START DATASET SECTION

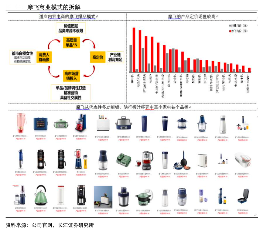 經(jīng)典案例:根據(jù)公司官網(wǎng)、長(zhǎng)江證券研究所等綜合資訊表明,摩飛的爆品模式重點(diǎn)在于:精準(zhǔn) SKU 投放背景下產(chǎn)品以大單品、 少 SKU的形式開(kāi)展;同時(shí)內(nèi)容電商對(duì)費(fèi)用投放的較高要求,摩飛將人群限定在“相對(duì)高消費(fèi)、追求品質(zhì)生活的女性人群”且產(chǎn)品采用高定價(jià)。
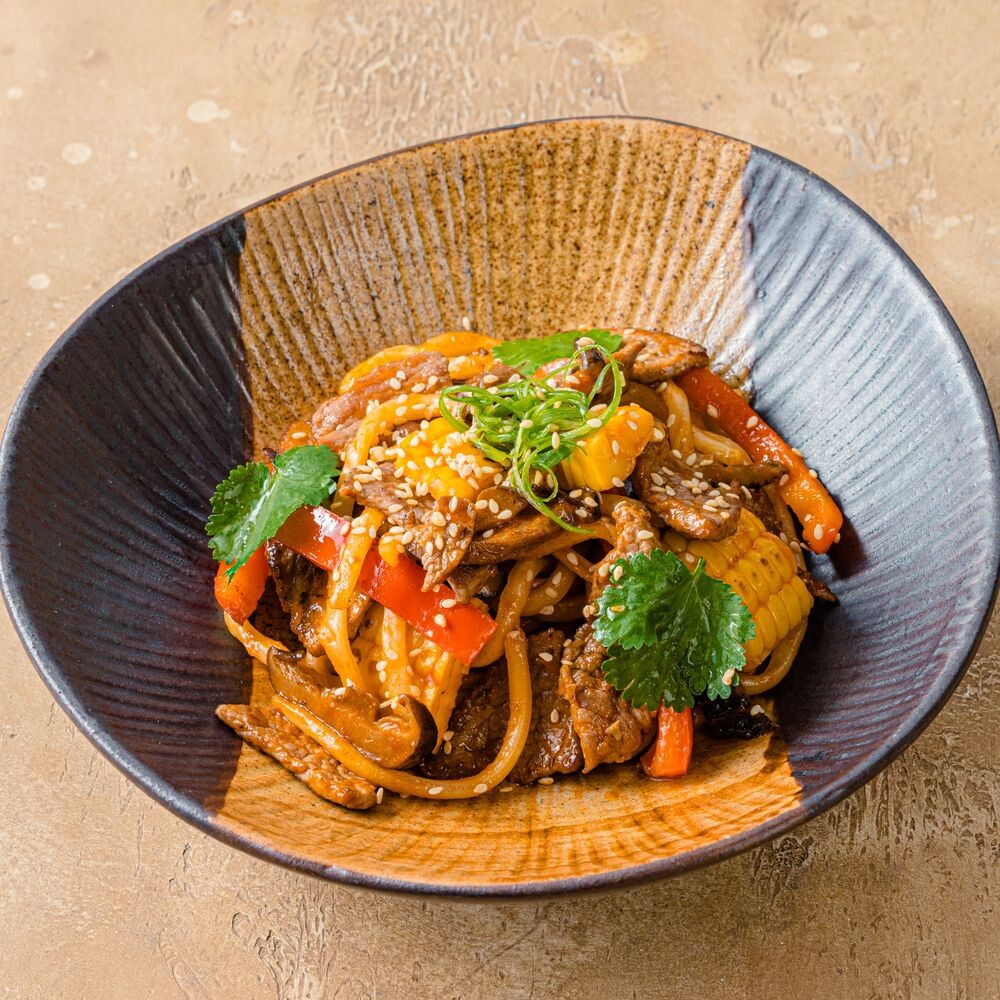 Говядина, японский удон, болгарский перец, кукуруза, шиитаке, кинза, соус габаджоу
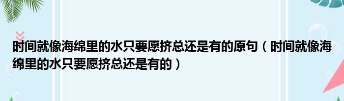 时间就像海绵里的水只要愿挤总还是有的原句(时间就像海绵里的水只要愿挤总还是有的)
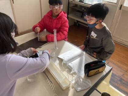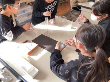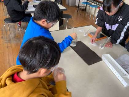 水溶液の水の量を増やすともののとける量が増えるかを、実験して確かめました。

END DATASET SECTION

In your output, include only the lines from the line containing "Говядина, японский удон, болгарский" through the last line of the material above, exactly as they appear, and leave out the pictures.

■ OUTPUT FOR THIS EXERCISE ■
 Говядина, японский удон, болгарский перец, кукуруза, шиитаке, кинза, соус габаджоу
 时间就像海绵里的水只要愿挤总还是有的原句(时间就像海绵里的水只要愿挤总还是有的)
 水溶液の水の量を増やすともののとける量が増えるかを、実験して確かめました。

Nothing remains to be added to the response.